El respeto, como principio de acción y pilar o cimiento
de la vida en comunidad. Respetar al otro es no asaltarlo en
su confianza, no romper las lealtades creadas desde la amistad,
no hacer de la palabra un medio de seducción y de demagogia
política. Los desafíos pacifistas no se trasladan
sólo a los deberes del Estado o a los compromisos políticos
de los grupos. La mentalidad pacifista obliga al respeto diario
de los compromisos, como padre a hijo, como vecino a amigo.
Violentar a uno de tus semejantes es un acontecimiento demasiado
grande para ser minimizado. Traicionar a un amigo puede ser
el origen de una rotura insondable. Los conflictos humanos siempre
existirán, pero solucionarlos por el camino de la violencia
en sus distintas expresiones es una actitud contraria a la humanidad,
al humanismo. Sí: descubrir la sociedad pacifista significa
aceptar el humanismo como fuente de pensamiento. Humanismo y
pacifismo son hermanos naturales, nacen como oasis de optimismo
en el desierto del pensamiento bélico. Se contraponen
de forma radical al lenguaje militarista.

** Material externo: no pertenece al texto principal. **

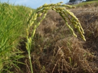 稲穂が日一日と実をつけている。そろそろ刈り時だ。毎朝の散歩ではその変化は見わけられないが、ひと月単位では大きな違いをキャッチできる。

La vida siempre será conflicto entre lo que pensamos
y lo que deseamos. También entre el corazón y
la mente, entre el espíritu que sueña con la libertad
y la vida diaria repleta de tentaciones, de trampas que nos
alejan continuamente y de forma implacable del camino pacifista.
La acelerada forma como se desarrollaron los medios nos han
permitido conocer cómo la tecnología puede alcanzar
metas altísimas, pero, al mismo tiempo, nos ha hecho
percibir, como lo decía Martin Luther King en 1964, que:
"Para sobrevivir hoy, debemos eliminar nuestro 'retraso'
moral y espiritual. Si no hay un crecimiento proporcionado
del alma, los crecientes poderes materiales auguran crecientes
peligros. Cuando el 'afuera' de la naturaleza del hombre subyuga
el 'adentro', oscuras nubes de tormenta comienzan a formarse
en el mundo".
No es un pensamiento mágico, ni trágico, es realismo
que desde hace ya cuarenta años anunciaba los instantes
que vivimos actualmente. Los momentos de guerra no están
desligados de eso que King llama "retraso moral y espiritual".
Diría, buscando precisión, que están ligados
a una moral monetarista y al espíritu de conquista que
aún prevalece después de los fracasos del siglo
XX. No es la tecnología lo que nos ha sumergido en la
guerra, es la prevalencia del espíritu bélico
de muchos de aquellos que lideran el mundo.